Below are records to give again exactly; omit each image they contain.

· · ·

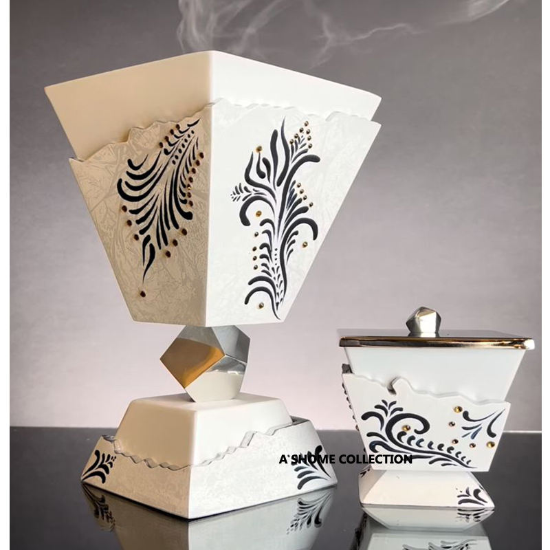 Impresionante diseño de forma cuadrada de Color blanco quemador de incienso pares de Metal de 2 difusores de aromaterapia y decoración del hogar
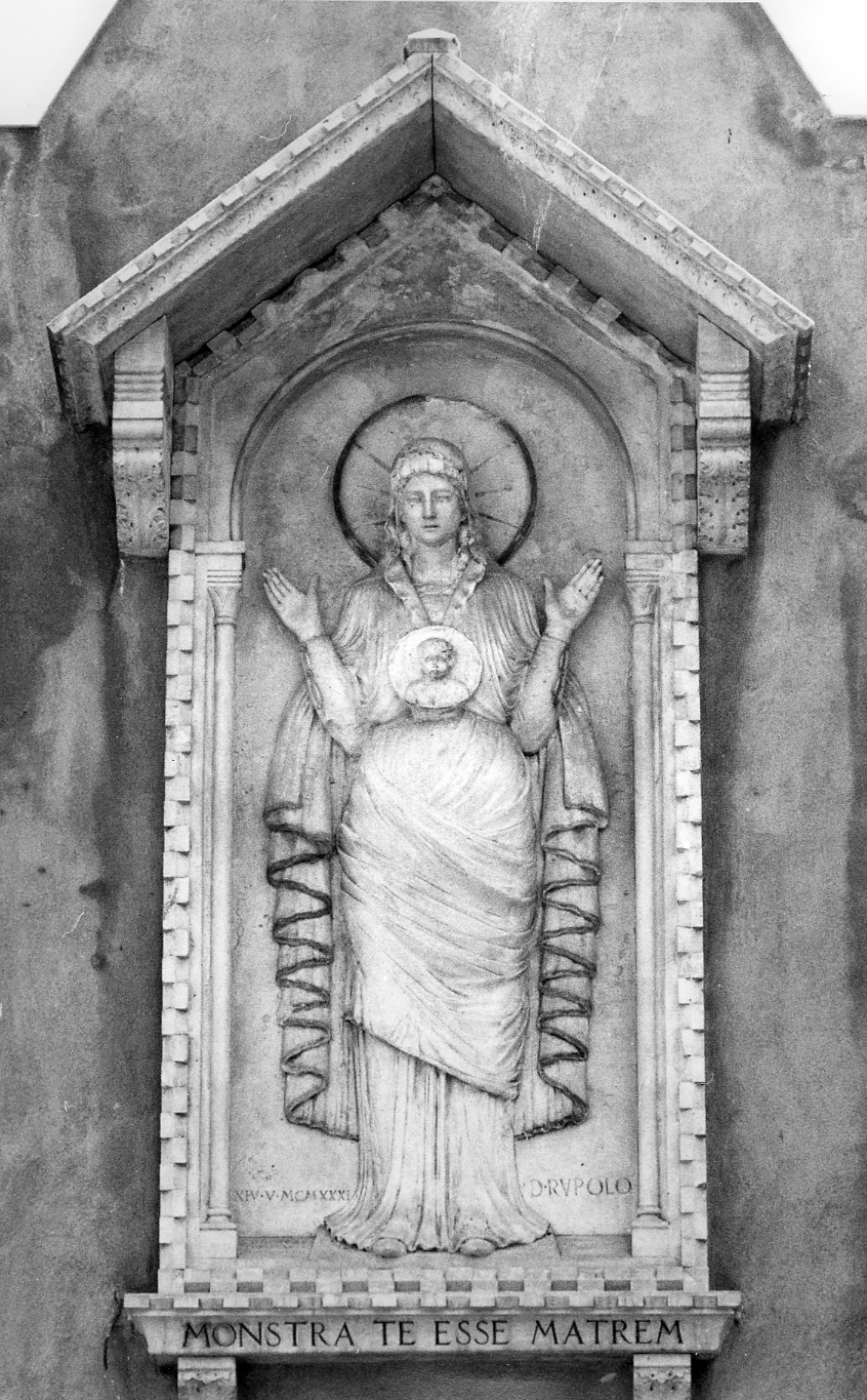 - NOTIZIE STORICO CRITICHE Madonna neobizantina nel modulo della "Platytera" di fattura elegante e raffinata eseguita dall'architetto Domenuico Rupolo nato a Caneva di Sacile il 21 Novembre del 1861. Una copia, dall'esecuzione più semplificata, si trova in campo S. Luca, a Venezia, ed è datata 1933; mentre il modello in gesso, di questa stessa opera si trova nella casa degli eredi del Rupolo, a S. Agnese (per gentile comunicazione della Sig.ra Elisabetta Rupolo)
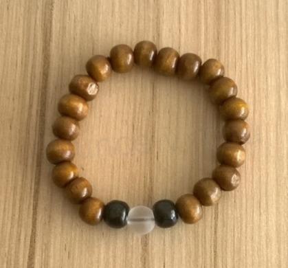 Dřevěný korálkový náramek z přírodního dřeva a křišťálu, krásné spojení s přirodou a přirozeností. Barevnost dřevěných korálků se hodí ke všem barvám oblečení. Náramek je určen jak pro pány, tak pro dámy. Harmonicky modní náramek je v lehké barevné kombinaci různých korálků. Náramek je navlečen na pružné pevné pružence ( gumičce), která dobře drží a nehrozí její poškození. Výhodou náramku je, že korálky nikde netlačí, ani nevíte, že ho máte. Zacházejte s ním jako se šperkem, nedoporučuje se dlouhodobé namáčení. Náramek je originál, jedná se o ruční výrobu.
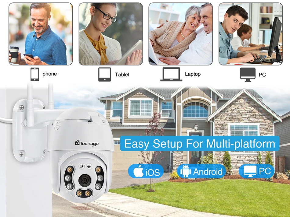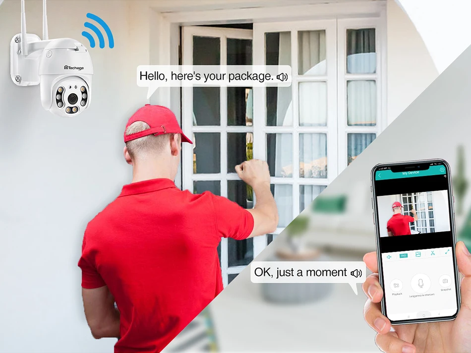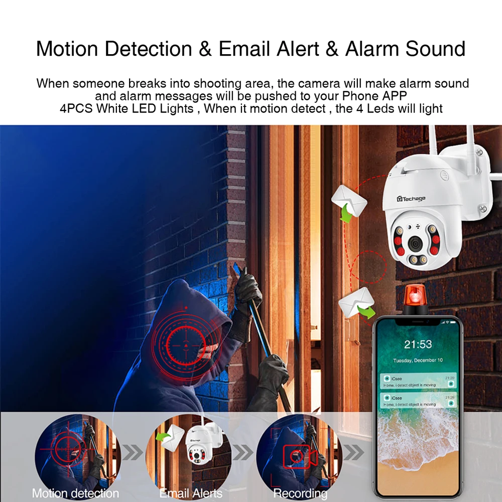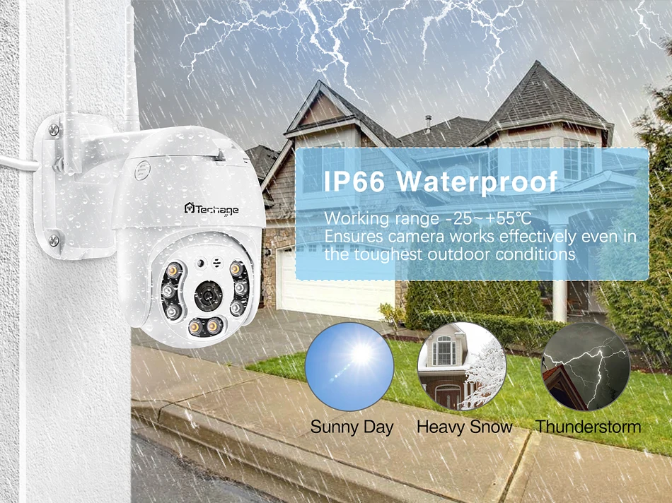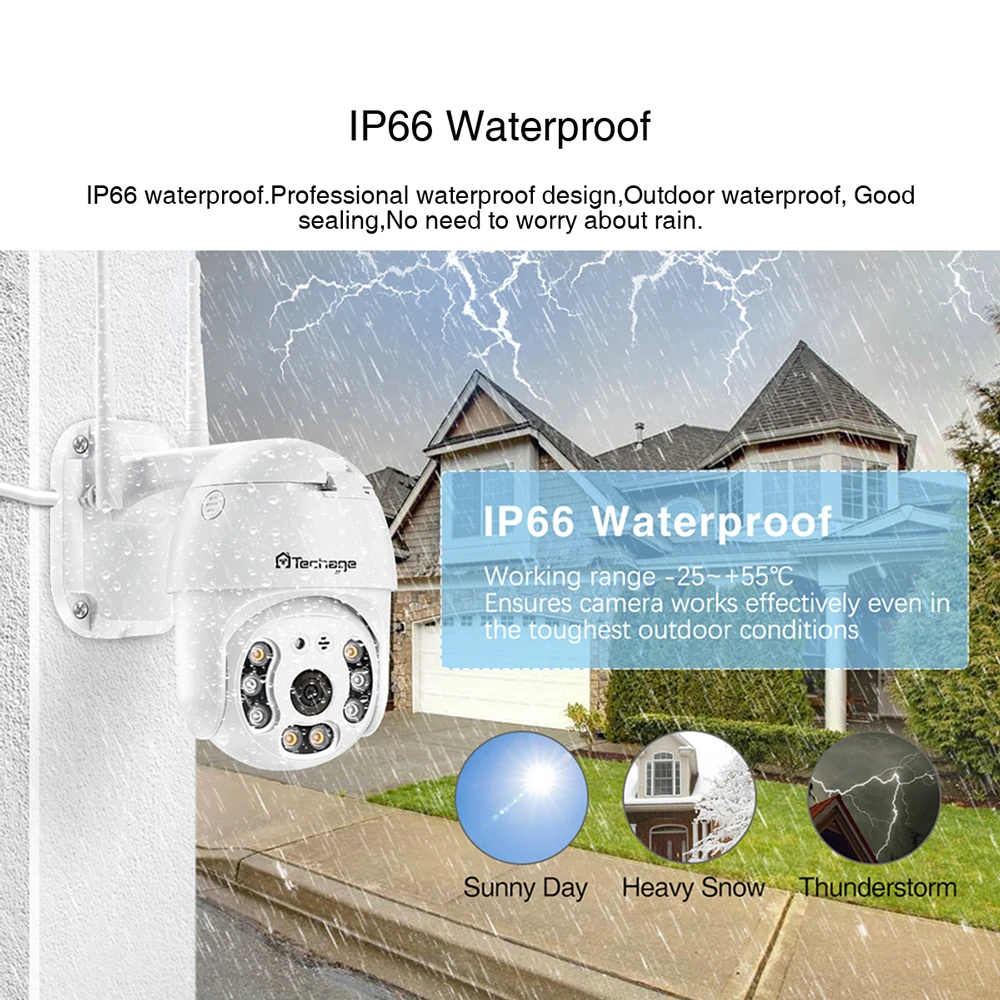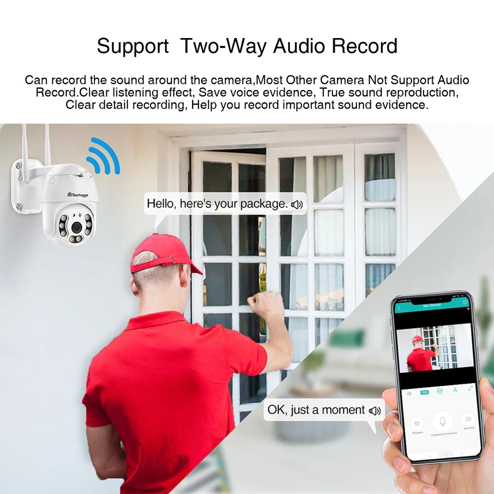 Techege 1080P Wifi PTZ Camera H.265X Waterproof Speed Dome Outdoor Wireless Camera Two Way Audio Home CCTV Surveillance Camera
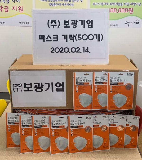 ㈜보광기업 이명열 대표는 최근 코로나19 감염병 예방을 위해 저소득·취약계층에게 전달해 달라며 방역마스크 500개를 광주시 남부 무한볼봄 행복나눔센터에 기탁했다.
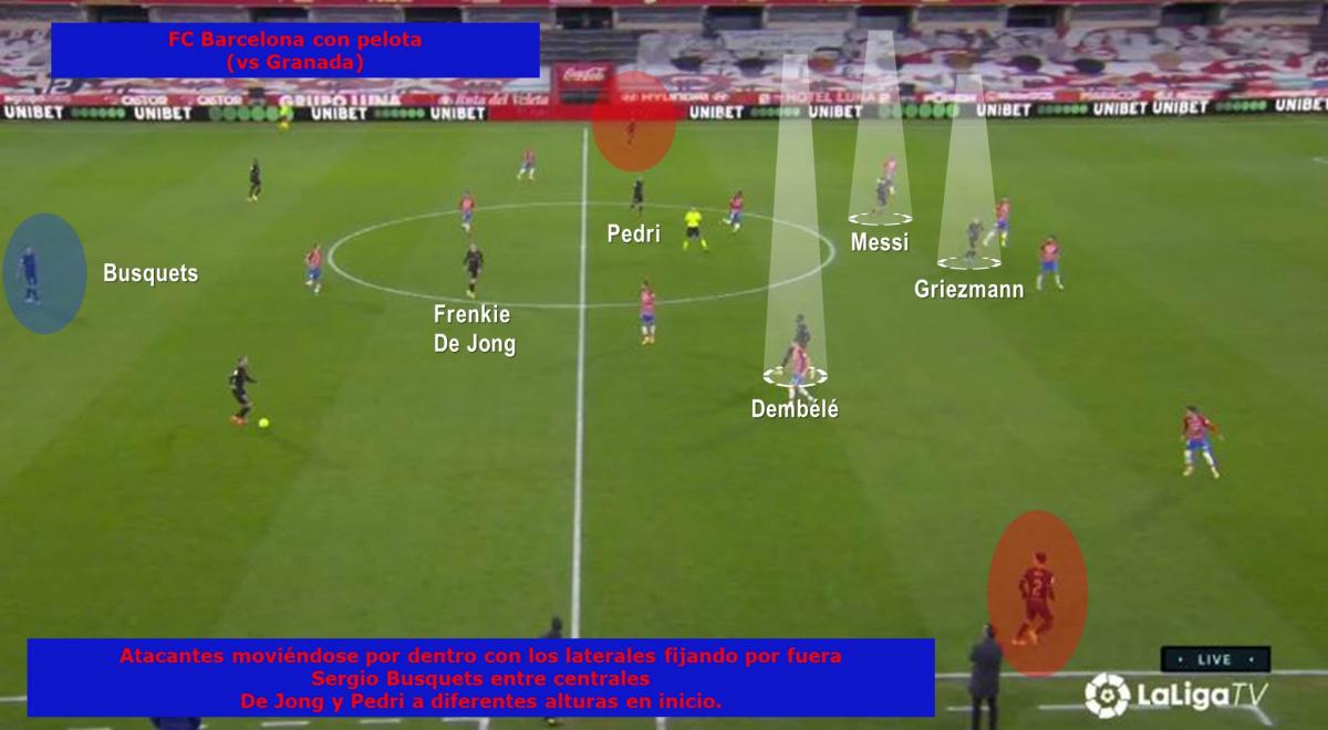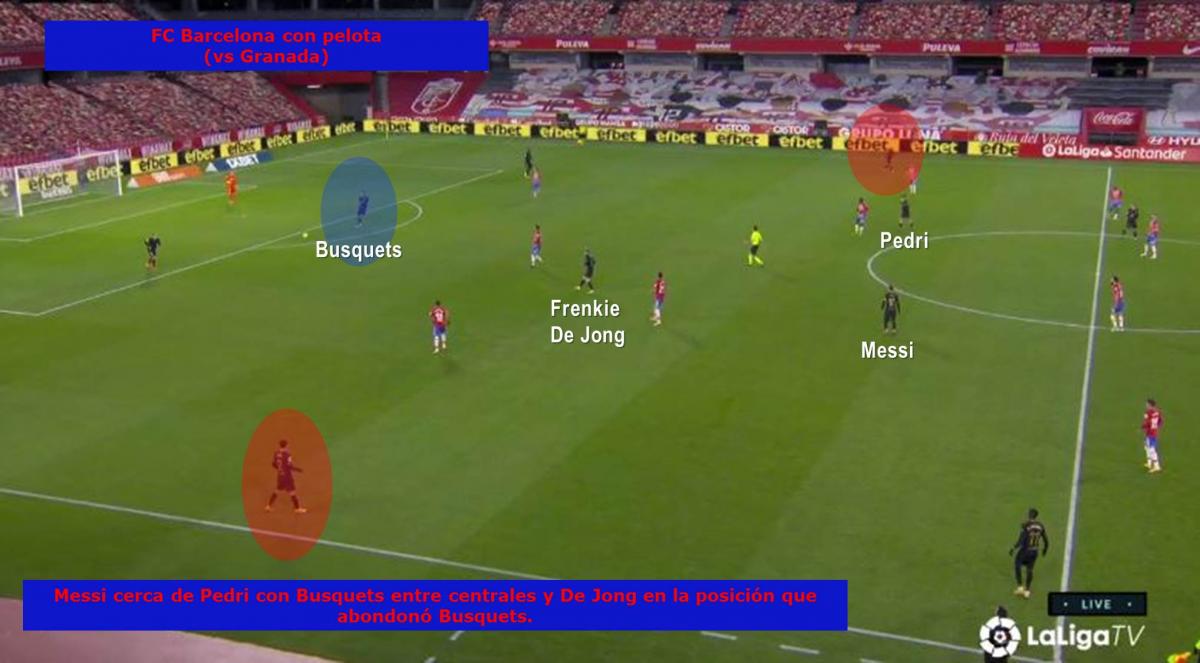 -El regreso al 4-3-3: Pese a que los sistemas solo sean un punto de partida para conocer la disposición de los equipos, el regreso al 4-3-3 nos ha ayudado a ver la mejor versión del Barcelona en lo que llevamos de temporada. La presencia de Pedri como interior izquierdo (más libre y cerca de Lionel Messi) y Frenkie de Jong como interior derecho (con relevancia en varias alturas/carriles de la cancha) por delante de Sergio Busquets nos ha ayudado a ver a un equipo más versátil a nivel ofensivo y con una estructura mucho más sólida a la hora de jugar sin pelota.
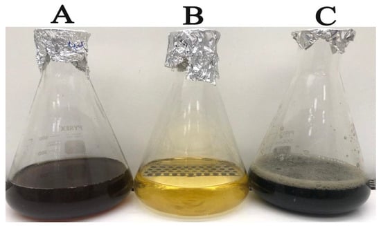 The bioinspired IONPs were synthesized using a water extract derived from the C. sinensis leaves. The results presented in Figure 1 demonstrate the utilization of the prepared extract to reduce the ferric nitrate solution, resulting in the generation of bioinspired IONPs. The formation of a black color in the solution indicated the successful development of the IONPs. The composition of the water extract from the C. sinensis leaves was determined using gas chromatography–mass spectrometry (GC-MS) in a previous investigation. The analysis revealed the presence of caffeine, catechol, 1,2,3-benzenetriol, 1,3,5-benzenetriol, 6-Hydroxy-4,4,7a-trimethyl-5,6,7a-tetrahydrobenzofuran, 1,1′-Biphenyl, 2-ethyl-, and methoxy resorcinol [37]. It was hypothesized that these phytoconstituents found in the green tea extract functioned as reducing agents for the ferric nitrate solution, and also as biostabilizing and capping agents. The bioprepared IONPs were characterized using different physicochemical techniques to detect their different physical and chemical features.
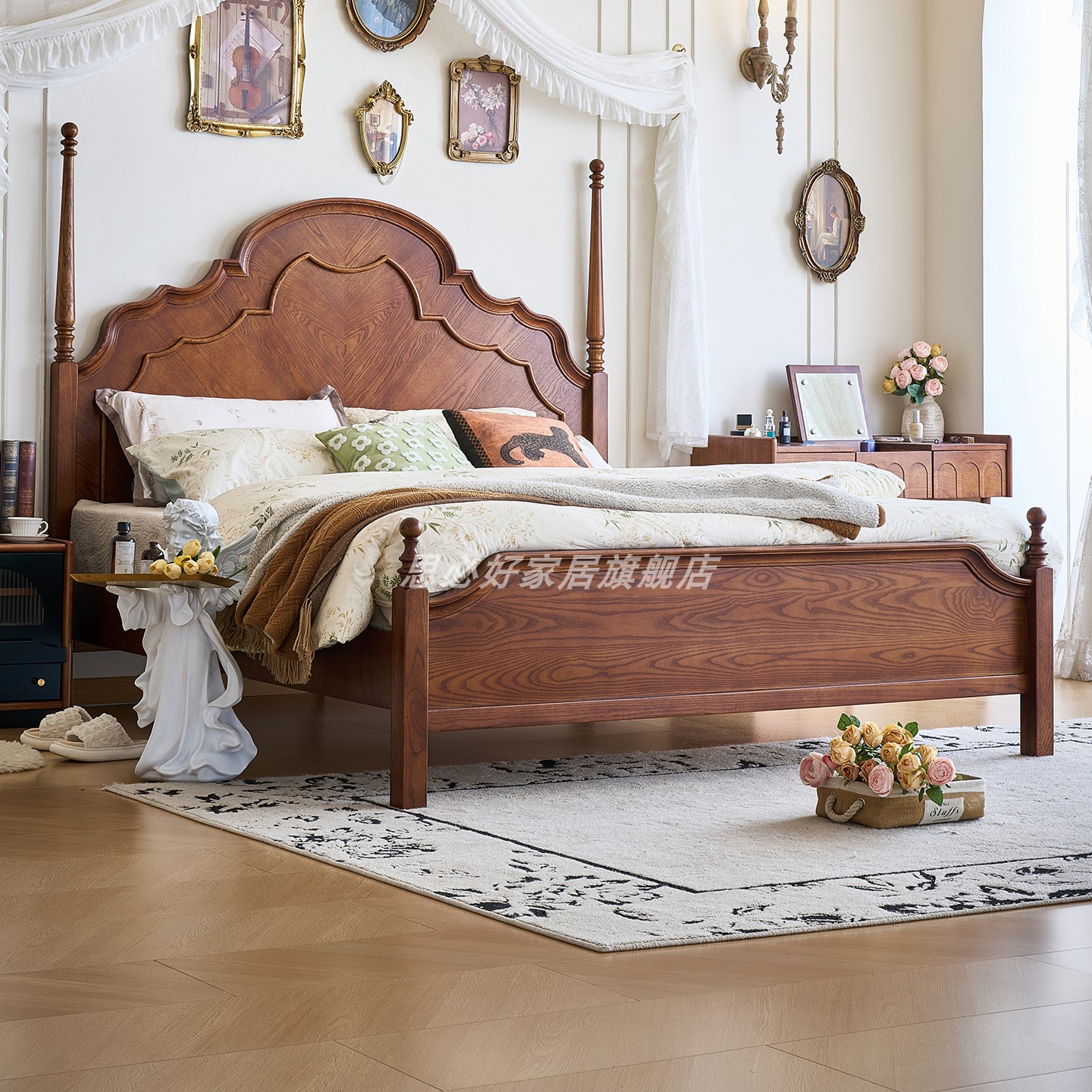 法式 复古实木床主卧高端大气中古风家具黑色全实木双人大床

· · ·

### Your response
 Impresionante diseño de forma cuadrada de Color blanco quemador de incienso pares de Metal de 2 difusores de aromaterapia y decoración del hogar
 - NOTIZIE STORICO CRITICHE Madonna neobizantina nel modulo della "Platytera" di fattura elegante e raffinata eseguita dall'architetto Domenuico Rupolo nato a Caneva di Sacile il 21 Novembre del 1861. Una copia, dall'esecuzione più semplificata, si trova in campo S. Luca, a Venezia, ed è datata 1933; mentre il modello in gesso, di questa stessa opera si trova nella casa degli eredi del Rupolo, a S. Agnese (per gentile comunicazione della Sig.ra Elisabetta Rupolo)
 Dřevěný korálkový náramek z přírodního dřeva a křišťálu, krásné spojení s přirodou a přirozeností. Barevnost dřevěných korálků se hodí ke všem barvám oblečení. Náramek je určen jak pro pány, tak pro dámy. Harmonicky modní náramek je v lehké barevné kombinaci různých korálků. Náramek je navlečen na pružné pevné pružence ( gumičce), která dobře drží a nehrozí její poškození. Výhodou náramku je, že korálky nikde netlačí, ani nevíte, že ho máte. Zacházejte s ním jako se šperkem, nedoporučuje se dlouhodobé namáčení. Náramek je originál, jedná se o ruční výrobu.
 Techege 1080P Wifi PTZ Camera H.265X Waterproof Speed Dome Outdoor Wireless Camera Two Way Audio Home CCTV Surveillance Camera
 ㈜보광기업 이명열 대표는 최근 코로나19 감염병 예방을 위해 저소득·취약계층에게 전달해 달라며 방역마스크 500개를 광주시 남부 무한볼봄 행복나눔센터에 기탁했다.
 -El regreso al 4-3-3: Pese a que los sistemas solo sean un punto de partida para conocer la disposición de los equipos, el regreso al 4-3-3 nos ha ayudado a ver la mejor versión del Barcelona en lo que llevamos de temporada. La presencia de Pedri como interior izquierdo (más libre y cerca de Lionel Messi) y Frenkie de Jong como interior derecho (con relevancia en varias alturas/carriles de la cancha) por delante de Sergio Busquets nos ha ayudado a ver a un equipo más versátil a nivel ofensivo y con una estructura mucho más sólida a la hora de jugar sin pelota.
 The bioinspired IONPs were synthesized using a water extract derived from the C. sinensis leaves. The results presented in Figure 1 demonstrate the utilization of the prepared extract to reduce the ferric nitrate solution, resulting in the generation of bioinspired IONPs. The formation of a black color in the solution indicated the successful development of the IONPs. The composition of the water extract from the C. sinensis leaves was determined using gas chromatography–mass spectrometry (GC-MS) in a previous investigation. The analysis revealed the presence of caffeine, catechol, 1,2,3-benzenetriol, 1,3,5-benzenetriol, 6-Hydroxy-4,4,7a-trimethyl-5,6,7a-tetrahydrobenzofuran, 1,1′-Biphenyl, 2-ethyl-, and methoxy resorcinol [37]. It was hypothesized that these phytoconstituents found in the green tea extract functioned as reducing agents for the ferric nitrate solution, and also as biostabilizing and capping agents. The bioprepared IONPs were characterized using different physicochemical techniques to detect their different physical and chemical features.
 法式 复古实木床主卧高端大气中古风家具黑色全实木双人大床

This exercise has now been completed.